Waymo is also in this camp. Originally known as Google’s driverless car project, which started as a map in 2009, Andrew Chatham of Waymo and another engineer started the “super tedious” drawing effort from scratch – Send a sensor-equipped car to capture the city’s surroundings and transform those 3D images into digital landscapes. Chatham said that the car may rely on the perception system to be able to drive on the highway, but not in other traffic conditions. Imagine a situation when you meet a busy double left lane intersection you’ve never seen before. Now imagine what happens to autonomous vehicles.

“This is the advantage of having a detailed map,” Chatham said. “We could give the car all the answers to the tough questions.” He said Waymo is exploring solutions that reflect real-time factors such as construction updates, but declined to give details.

With years of hard work and a strong library of artificial intelligence technologies, Waymo is considered a leader in high-precision mapping. But so far, the company has sold its entire suite to potential partners and achieved some cooperation. Chatham declined to say whether Waymo is considering marketing its map as a standalone product.

Another potential force in this market is Uber. The taxi service giant is also developing high-precision maps of its driverless car project, using a test vehicle similar to Waymo. Lisa Weitekamp, ​​Uber manager, said the company is exploring how to put map generation sensors in millions of cars on its service platform. Vittor Camp added that those maps already in use by the car – Uber’s “static” navigation software that includes popular routes and driving decisions – helped Uber create autonomous maps. “It gives us an edge,” she said.

That would make taxi service map access a valuable asset. Currently, Uber’s maps for its drivers and passengers use both TomTom, Google and its own data. Two insiders disclosed that the contract between Uber and Google will expire this year. Representatives of both companies declined to comment.

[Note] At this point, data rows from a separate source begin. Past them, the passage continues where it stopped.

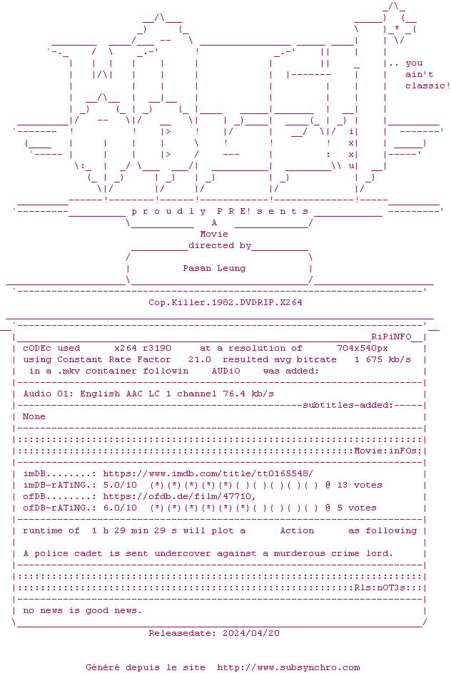 Voir le nfo de la release Cop.Killer.1982.DVDRIP.x264-WATCHABLE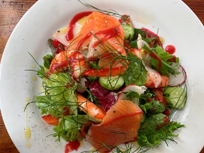 小エビ、ホタテ貝、マリネサーモンのサラダ 木いちごのドレッシング
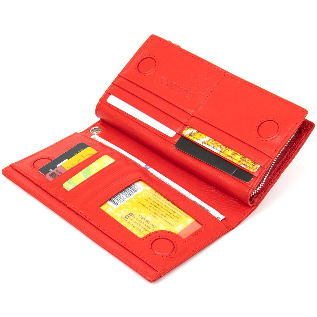 Женский кожаный кошелек в классическом и практичном дизайне. Имеет красивый красный насыщенный цвет и зернистую матовую фактуру кожи. Внутри разместились удобные отделения для купюр, монет, слоты для карт и другие карманы. Изготовлено изделие очень качественно и надежно. Этот аксессуар станет отличным подарком для родного человека на любой праздник.

Many newcomers are trying to emphasize to car makers the need for automakers to catch up with leaders such as Waymo and Uber. DeepMap, co-founded by former senior employees of Google and Apple, relies on its smart software to reduce the time and cost required to convert images from autonomous vehicle sensors into a single high-resolution landscape. The startup said it is working with Ford, Honda and China’s SAIC.

Civil Maps has a technology that discerns sensor data that can be used to create a digital grid for each loop made by mapping vehicles in the same area. The company’s chief executive, Sravan Puttagunta, said it was a bit like the way mobile apps Shazam recognized a piece of music. Ford is an investor in Civil Maps and Putta Gangata says his company is raising additional funds.

At present, most car companies are at the trial stage and do not pay millions for the map. Ford spokesman described his cooperation with startups as “research.” Argo, a self-driving car the company is betting on, has learned about many suppliers but currently relies on its own in-house map. GM spokesman Ray Wert said the company prefers to make its own maps.

The new company is well aware that ultimately no one will survive. “This is very similar to navigable maps and even to search engines,” said Luo Wei, a staff employee who worked for Google at DeepMap. “Whoever has a bigger footprint will have an edge.”